Sans doute le jeune Marcus Rothkowitz, benjamin d’une famille juive de quatre enfants, né en 1903 à Dvinsk, alors ville russe et aujourd’hui baptisée Daugavpils, en Lettonie, n’imaginait-il pas devenir un jour l’illustre Mark Rothko, nom qu’il s’est choisi en 1938 en obtenant la nationalité américaine. Surtout qu’à 17 ans, il étudiait les sciences humaines à l’université de Yale. « Philosophie, littérature, théâtre (il sera un temps acteur), musique, aucun domaine de la culture ne lui est étranger. C’est presque par hasard qu’en 1923 la peinture l’emporte, lorsqu’un ami lui donne rendez-vous à l’Art Students League à New York », écrit la journaliste de Connaissance des arts.
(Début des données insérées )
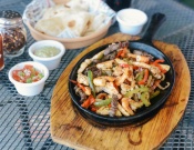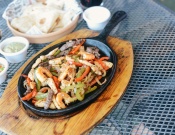 Magnifica combinación de arrachera, pollo y camarones parrillados y sazonados al estilo Comicx con pimientos verdes y rojos, cebolla asada, servidas en sartén caliente acompañadas de salsa pico de gallo, guacamole y crema.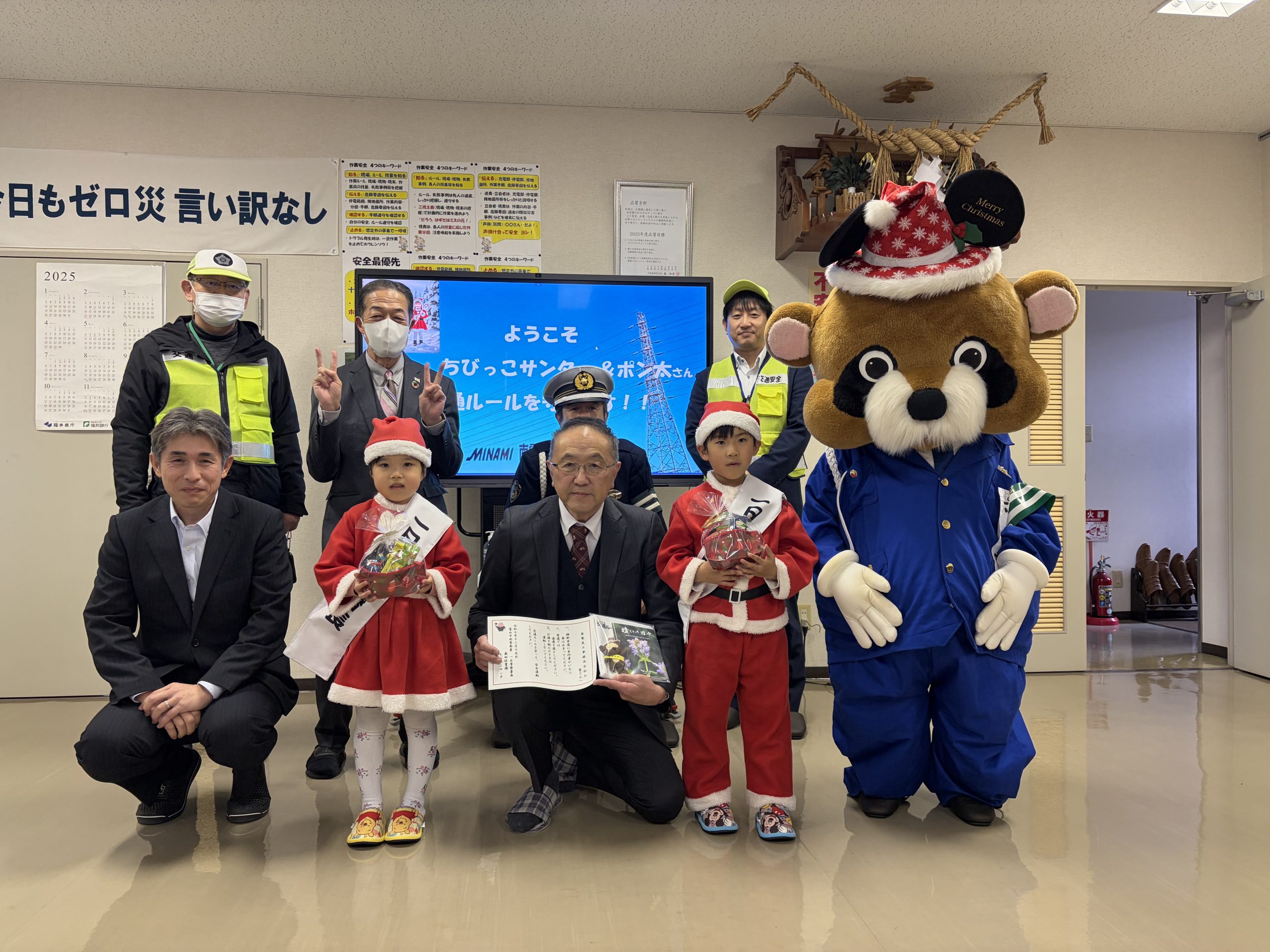 「ちびっこサンタ」さんと「タヌキの交通指導員ポン太」さん、ご来社ありがとうございました。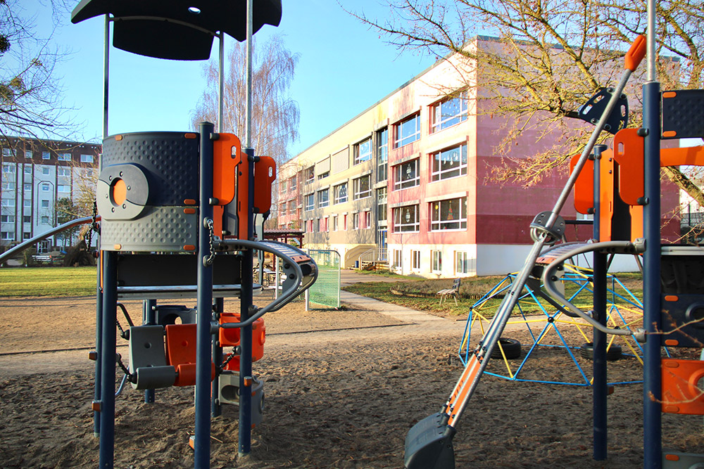 In unserer dreistöckigen Einrichtung betreuen wir Kinder im Alter von 0,3 bis 10 Jahren. Wir besitzen derzeit eine Betriebserlaubnis von 42 Krippenplätzen, 120 Kindergartenplätzen und 120 Hortplätzen.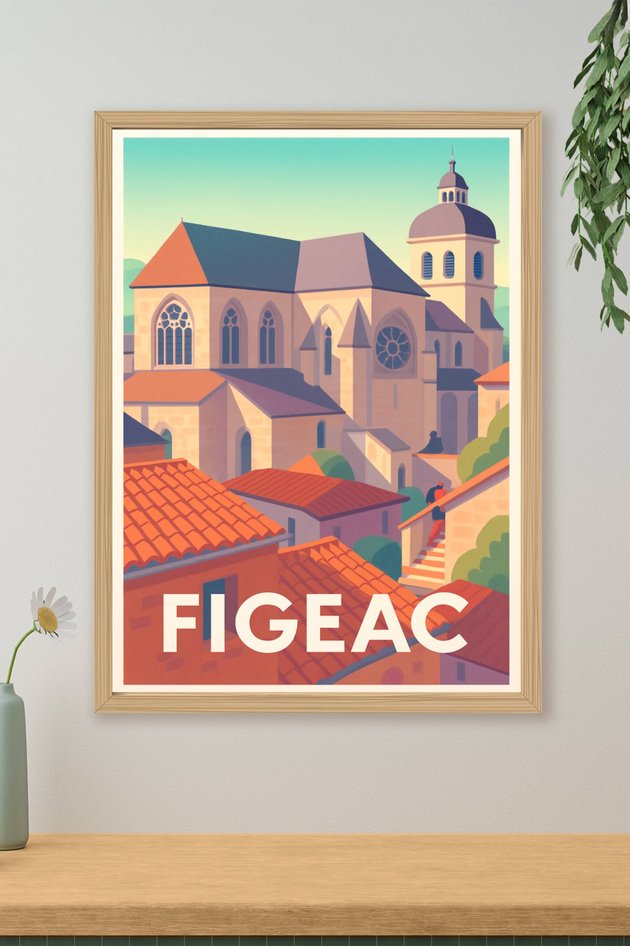 Découvrez le charme authentique de Figeac à travers cette affiche illustrée mettant en lumière ses toits en tuiles et l'architecture remarquable de...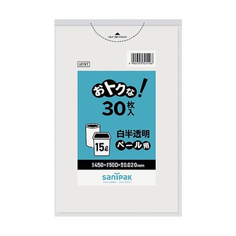 サニパック オトクナ!ペール用ゴミ袋 15L 白半透明 U19T 30枚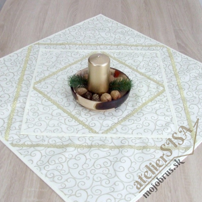 Zlatý krútený vzor na maslovej - vianočný štvorcový obrus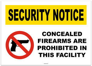 Security Notice Concealed Firearms Prohibited Sticker

Il faut dire que l’étudiant a dû fuir Yale tant la persécution contre les juifs est excluante… Il se retrouve à faire des petits boulots à New York. A étudier la peinture auprès de Max Weber ou Arshile Gorky. Il s’intéresse à Cézanne, à Rembrandt, à Fra Angelico… « Sa peinture figurative des années 1930 étonne aujourd’hui : silhouettes anorexiques sœurs des sculptures de Giacometti, évoluant dans des scènes urbaines aux structures architecturales linéaires, mondes souterrains du métro sévèrement cadrés – les Subway Paintings -, tout un univers existentialiste, presque un décor de théâtre. Les peintures sur papier, aquarelle ou gouache sont une partie importante de son travail et sa première exposition personnelle, en 1933, à Portland, leur est consacrée », écrit Valérie Bougault.

Dès 1938, Mark Rothko s'engage dans une phase d'expérimentation et rejoint les aspirations d'une nouvelle génération d'artistes new-yorkais, regroupés a posteriori sous l'appellation d'école de New York. Avec son ami peintre Adolph Gottlieb, il rédige une lettre au critique d’art du New York Times : « 1. Pour nous, l’art est une aventure dans un monde inconnu, dont l’exploration est réservée à ceux qui veulent en prendre le risque. 2. Ce monde de l’imagination est encore à conquérir et s’oppose violemment au sens commun. » S’opposer au sens commun… Je ne sais pas vous, mais moi ça me parle tellement…

Henri Matisse, L’Atelier rouge, 1911, huile sur toile, 181 x 219 cm, New York ©Museum of Modern Art

Henri Matisse, L’Atelier rouge, 1911, huile sur toile, 181 x 219 cm, New York ©Museum of Modern Art

Bref, « les années 1946 à 1949 sont celles du glissement vers l’abstraction », écrit la journaliste de Connaissance des arts. Et miracle : Mark Rothko tombe en arrêt en 1949 devant Le Grand Atelier rouge, d'Henri Matisse, entré dans les collections du MoMA cette année-là. Ce ne sont pas les objets représentés sur la toile qui l’intéressent. Mais bien les espaces qui sont rouges. Vides, et habités à la fois. Il en retient la composition en rectangles, et surtout, l'utilisation de cette couleur. Mais aussi sa vibration et son incroyable pouvoir d'expression. Bientôt, il commence à travailler par grands aplats colorés et lumineux, organisés en bandes ou envahissant la totalité de la surface picturale. Dès lors, Mark Rothko est considéré comme l'un des maîtres de l'expressionnisme abstrait et s'oriente vers le monochrome.